‘The Summons’

This week I’m sharing my take on the Warhammer+ Soulblight Gravelords ‘The Summons’, with some extra LED magic of course! I had hoped to finish this spooky miniature in time for Halloween, but it took a longer to paint than I’d estimated.

Modelling

I’ve been flirting with the idea of building some variety of Warhammer Undead army for many years now. So when the Warhammer+ miniatures were announced for this year, the Necromancer really leapt out at me as the clear choice. The stock miniature doesn’t feature any obvious light sources, so I had some creative freedom on which parts I chose to illuminate. I considered a number of ideas; candles, lanterns, glowing necklace gems, burning green eyes on the Necromancer, and even an unholy glow projected upwards from the open grave.

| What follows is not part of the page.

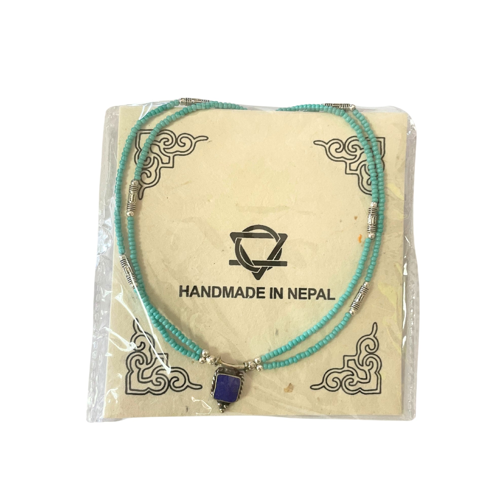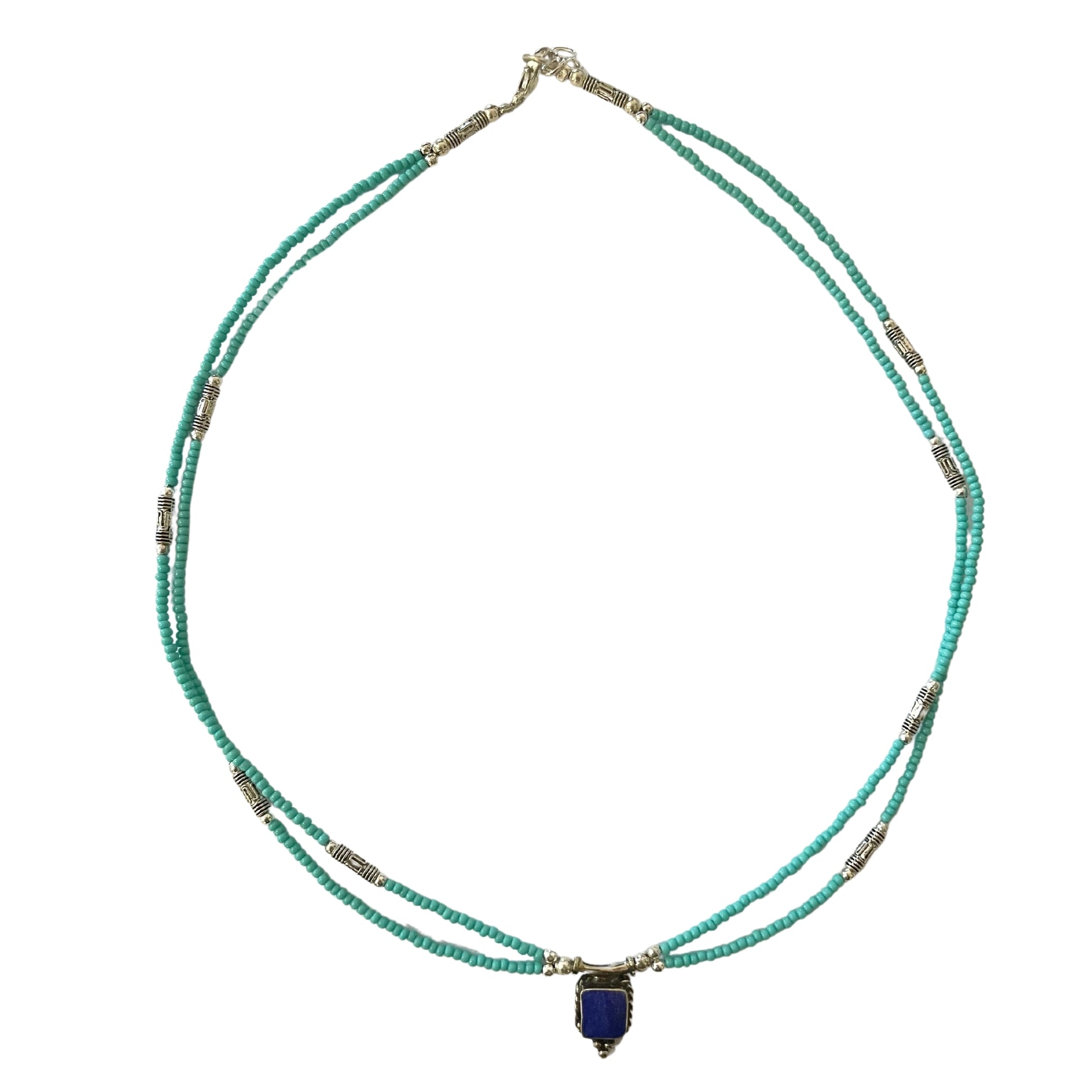 Extra dünne zweireihige nepalesische Halskette – Anhänger aus Türkis und Lapislazuli
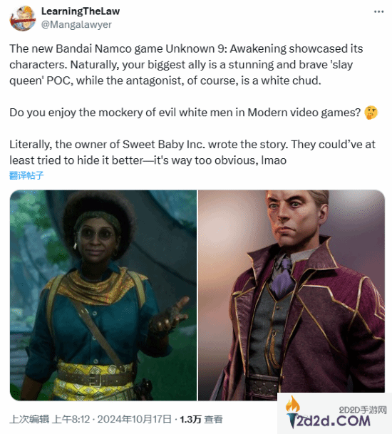 除此之外,因《无名九使:觉醒》里出现了一名白人反派,Mangalawyer再次将游戏里的一名黑人角色与其做了对比,并表示:“你喜欢现代电子游戏里对邪恶白人的嘲讽吗? SBI的创始人亲自编写了游戏故事,他们连藏都懒得藏,实在太明显了。”在评论区里,玩家们也纷纷表示自己喜欢这名白人反派。

I settled on illuminating the eyes of the Skull Staff, a soulfire flame in the conveniently outstretched hand, and the skull of the skeleton who is mid-reanimation. These areas created a visually pleasing triangle of light when viewed from the front.

The Skull Staff and reanimating skeleton were illuminated followed the techniques described in my LED Eye Lens tutorial, only with skulls rather than space marine helmets. The soulfire flame was created using acrylic gel from Green Stuff World and followed the techniques described in my Simple LED Muzzle Flare tutorial.

All three of the LEDs are 3V Green 0805 SMD Chip LEDs with 10 ohm resistors. The three LEDs are connected in parallel with a single CR2032 coin cell battery and switch in the base.

Painting

When deciding on the paint scheme, I decided to stay reasonably close to the box art as I didn’t have an existing army colour palette to match. The purple and black robes were also very evocative of the classic Warhammer Fantasy Necromancer. But I did add a few small twists of my own. In my head canon this is Wilhelm Lichtenfels, a Necromancer I created for a short lived narrative campaign ‘Shadow Over Steepacre’, that I played with with my gaming group back when Age of Sigmar was first released. The Steepacre town heraldry was white and green, which is reproduced in the skeleton’s shield. I’ve made previous versions of Wilhelm, and each version becomes a little more corrupted (and a little more buff).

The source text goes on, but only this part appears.